(HOW TO COMPLETE THIS TASK) Among the entries below, which lines run from the line with "Pescado para promoção" through the line with "For Realme 13+"? Retype those, both ends included, exactly and without pictures.

(RAW DATA)
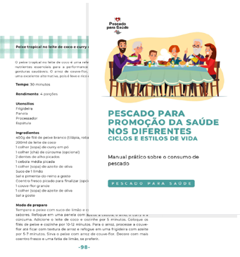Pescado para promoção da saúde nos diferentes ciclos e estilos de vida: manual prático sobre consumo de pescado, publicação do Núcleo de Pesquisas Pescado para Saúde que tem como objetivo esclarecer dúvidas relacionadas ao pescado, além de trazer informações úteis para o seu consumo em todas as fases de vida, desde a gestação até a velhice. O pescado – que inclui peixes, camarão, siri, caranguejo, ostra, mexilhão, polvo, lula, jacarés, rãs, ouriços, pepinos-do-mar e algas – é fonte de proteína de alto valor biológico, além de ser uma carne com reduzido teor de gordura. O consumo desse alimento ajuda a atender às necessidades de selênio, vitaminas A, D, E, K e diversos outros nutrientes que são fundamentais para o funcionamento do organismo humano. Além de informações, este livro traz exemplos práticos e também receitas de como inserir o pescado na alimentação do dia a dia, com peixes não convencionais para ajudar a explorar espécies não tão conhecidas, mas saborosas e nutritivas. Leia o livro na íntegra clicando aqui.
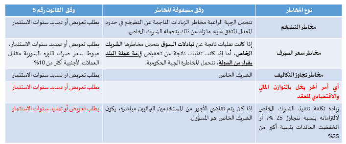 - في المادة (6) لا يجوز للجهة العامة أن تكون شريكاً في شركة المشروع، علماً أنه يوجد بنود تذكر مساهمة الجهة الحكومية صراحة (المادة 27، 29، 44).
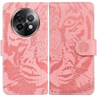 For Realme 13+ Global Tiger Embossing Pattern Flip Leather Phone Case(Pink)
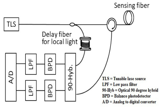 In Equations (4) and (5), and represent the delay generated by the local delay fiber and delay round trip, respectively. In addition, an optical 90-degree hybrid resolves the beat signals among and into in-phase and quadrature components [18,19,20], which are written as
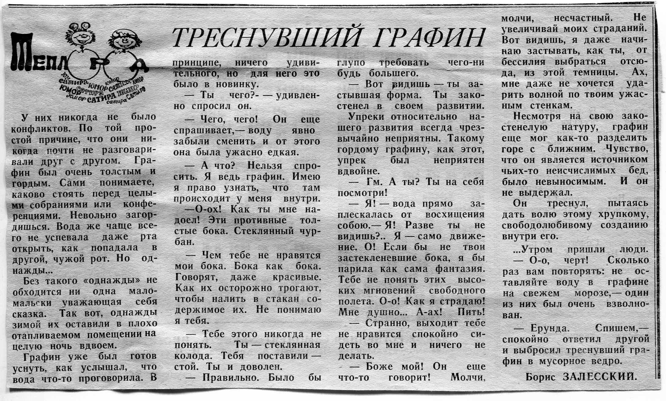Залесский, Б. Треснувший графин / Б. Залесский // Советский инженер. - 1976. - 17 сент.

...

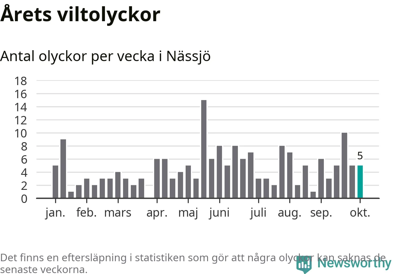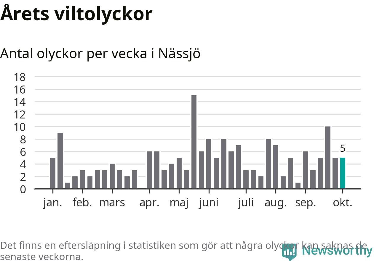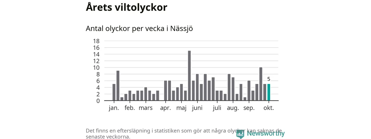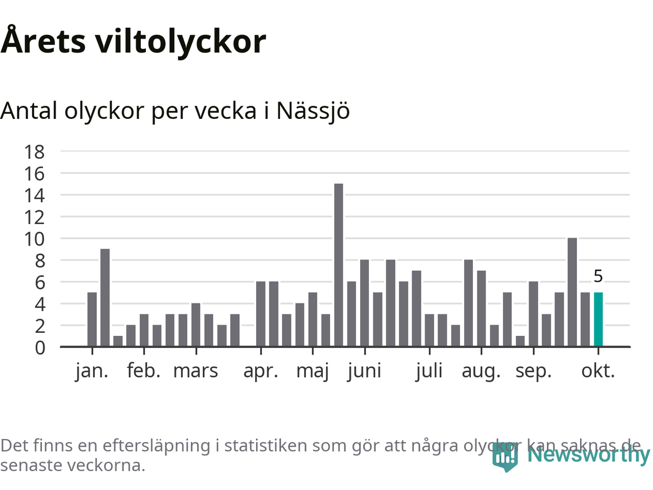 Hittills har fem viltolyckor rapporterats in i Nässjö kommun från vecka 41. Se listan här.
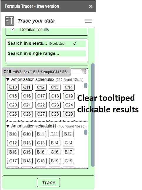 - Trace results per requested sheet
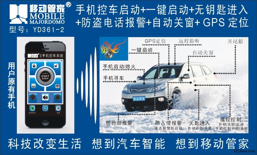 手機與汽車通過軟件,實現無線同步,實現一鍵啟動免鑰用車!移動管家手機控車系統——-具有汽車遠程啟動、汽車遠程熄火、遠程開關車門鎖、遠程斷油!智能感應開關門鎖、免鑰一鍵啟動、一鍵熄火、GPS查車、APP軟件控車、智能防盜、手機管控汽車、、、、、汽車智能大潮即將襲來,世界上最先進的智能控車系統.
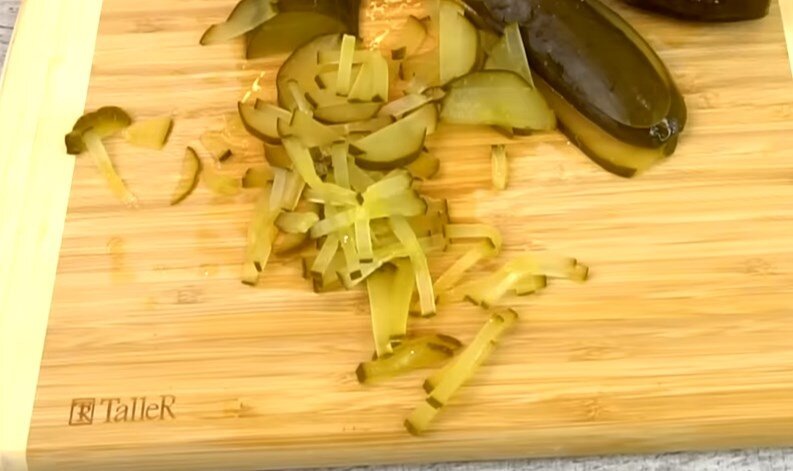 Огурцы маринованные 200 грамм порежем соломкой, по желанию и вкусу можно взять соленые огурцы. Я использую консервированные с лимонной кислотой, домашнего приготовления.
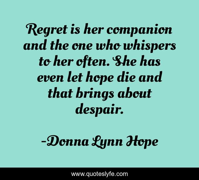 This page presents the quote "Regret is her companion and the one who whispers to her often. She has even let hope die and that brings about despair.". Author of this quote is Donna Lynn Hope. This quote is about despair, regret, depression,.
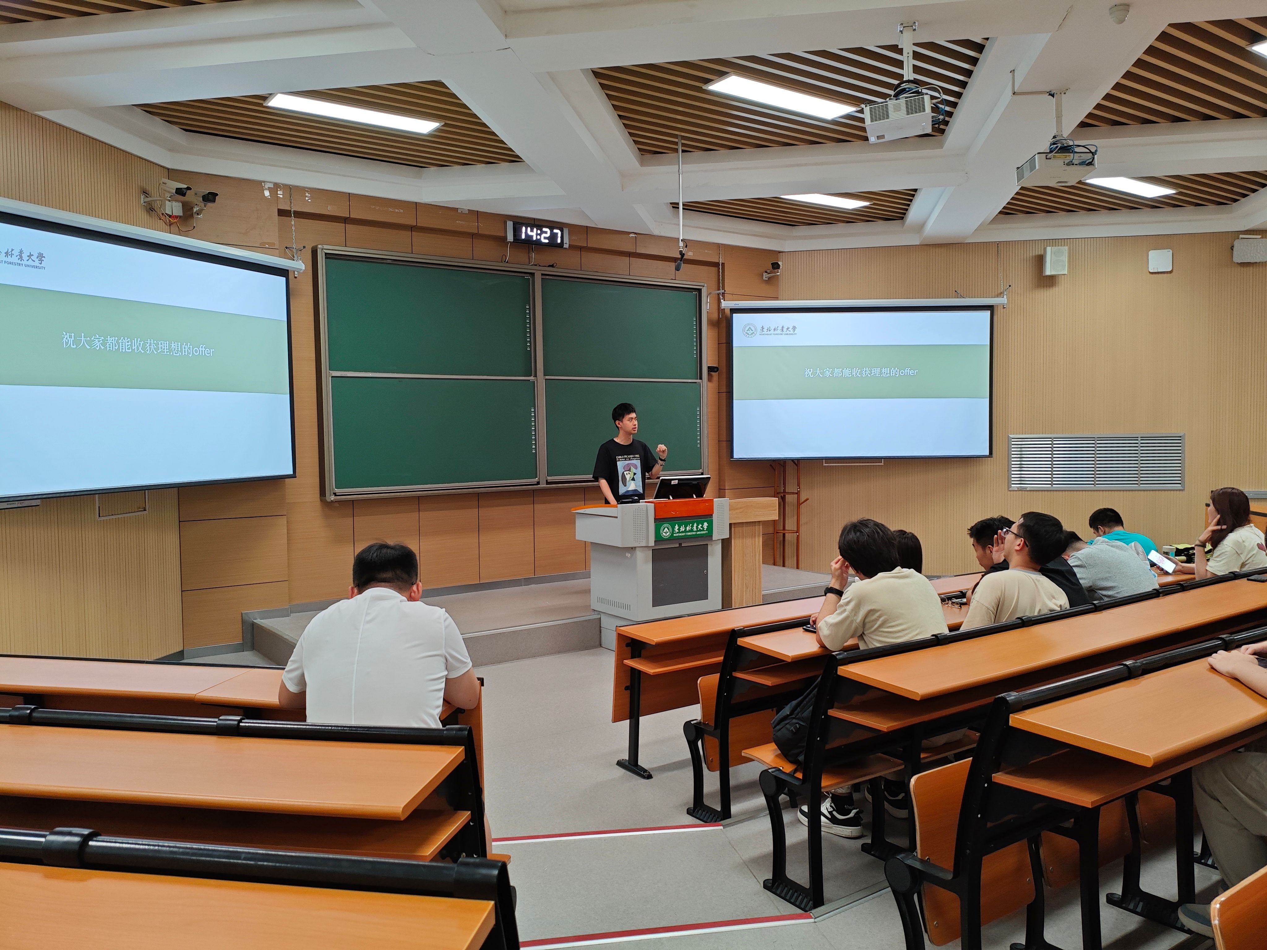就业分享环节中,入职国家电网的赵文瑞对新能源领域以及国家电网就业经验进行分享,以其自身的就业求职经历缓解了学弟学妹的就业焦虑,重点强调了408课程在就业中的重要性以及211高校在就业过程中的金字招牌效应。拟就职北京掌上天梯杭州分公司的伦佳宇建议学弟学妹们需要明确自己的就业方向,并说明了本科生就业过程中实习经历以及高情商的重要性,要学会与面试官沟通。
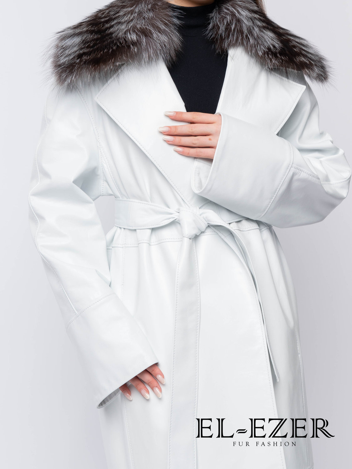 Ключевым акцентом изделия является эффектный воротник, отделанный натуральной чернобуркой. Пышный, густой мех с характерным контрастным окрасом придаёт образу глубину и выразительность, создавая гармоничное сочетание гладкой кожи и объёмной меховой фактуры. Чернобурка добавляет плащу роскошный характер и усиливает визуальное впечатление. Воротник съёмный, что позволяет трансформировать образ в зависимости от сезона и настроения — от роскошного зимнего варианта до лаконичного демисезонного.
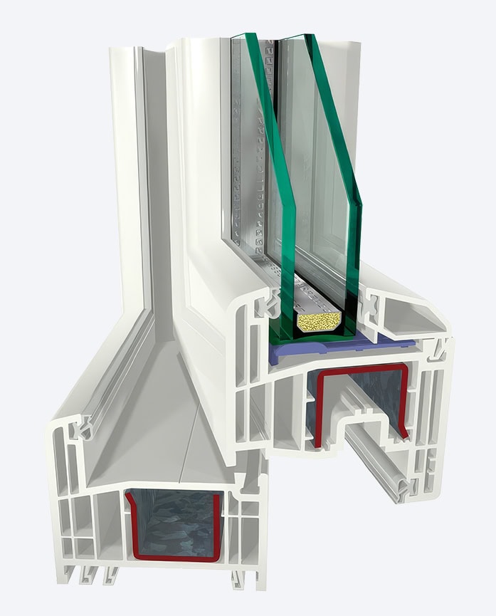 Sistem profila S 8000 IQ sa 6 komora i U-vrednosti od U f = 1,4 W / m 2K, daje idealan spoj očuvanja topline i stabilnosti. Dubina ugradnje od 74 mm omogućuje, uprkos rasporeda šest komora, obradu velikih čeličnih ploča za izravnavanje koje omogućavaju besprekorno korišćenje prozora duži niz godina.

--

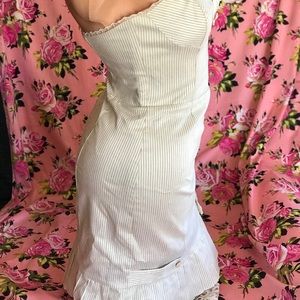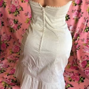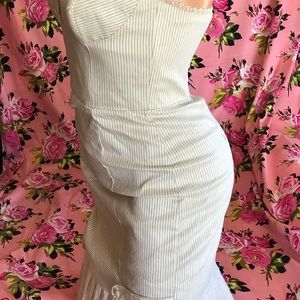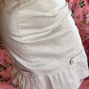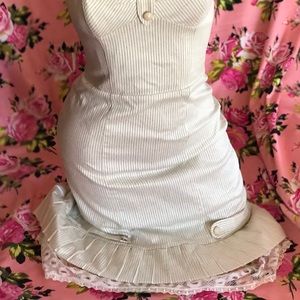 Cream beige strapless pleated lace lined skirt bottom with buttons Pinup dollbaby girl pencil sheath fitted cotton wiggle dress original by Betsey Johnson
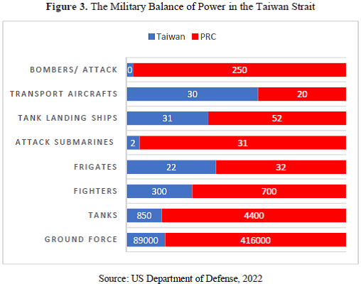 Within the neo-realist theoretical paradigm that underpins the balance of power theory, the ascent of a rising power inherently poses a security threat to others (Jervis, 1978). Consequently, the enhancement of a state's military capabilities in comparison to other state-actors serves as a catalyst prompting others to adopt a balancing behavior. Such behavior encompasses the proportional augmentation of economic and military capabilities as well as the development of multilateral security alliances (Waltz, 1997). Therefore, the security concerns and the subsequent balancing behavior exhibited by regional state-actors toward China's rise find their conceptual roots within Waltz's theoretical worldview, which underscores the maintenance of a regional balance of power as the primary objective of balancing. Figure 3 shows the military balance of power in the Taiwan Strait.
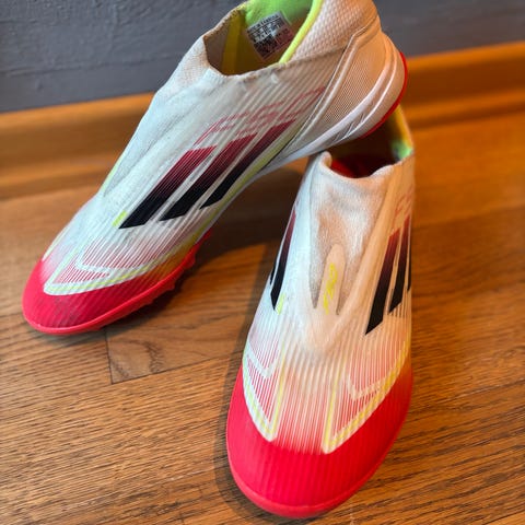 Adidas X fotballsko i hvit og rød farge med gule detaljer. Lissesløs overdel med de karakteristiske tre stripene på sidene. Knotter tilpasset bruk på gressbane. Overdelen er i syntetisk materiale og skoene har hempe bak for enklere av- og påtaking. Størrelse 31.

(SOLUTION FOR THIS PROBLEM)
Pescado para promoção da saúde nos diferentes ciclos e estilos de vida: manual prático sobre consumo de pescado, publicação do Núcleo de Pesquisas Pescado para Saúde que tem como objetivo esclarecer dúvidas relacionadas ao pescado, além de trazer informações úteis para o seu consumo em todas as fases de vida, desde a gestação até a velhice. O pescado – que inclui peixes, camarão, siri, caranguejo, ostra, mexilhão, polvo, lula, jacarés, rãs, ouriços, pepinos-do-mar e algas – é fonte de proteína de alto valor biológico, além de ser uma carne com reduzido teor de gordura. O consumo desse alimento ajuda a atender às necessidades de selênio, vitaminas A, D, E, K e diversos outros nutrientes que são fundamentais para o funcionamento do organismo humano. Além de informações, este livro traz exemplos práticos e também receitas de como inserir o pescado na alimentação do dia a dia, com peixes não convencionais para ajudar a explorar espécies não tão conhecidas, mas saborosas e nutritivas. Leia o livro na íntegra clicando aqui.
 - في المادة (6) لا يجوز للجهة العامة أن تكون شريكاً في شركة المشروع، علماً أنه يوجد بنود تذكر مساهمة الجهة الحكومية صراحة (المادة 27، 29، 44).
 For Realme 13+ Global Tiger Embossing Pattern Flip Leather Phone Case(Pink)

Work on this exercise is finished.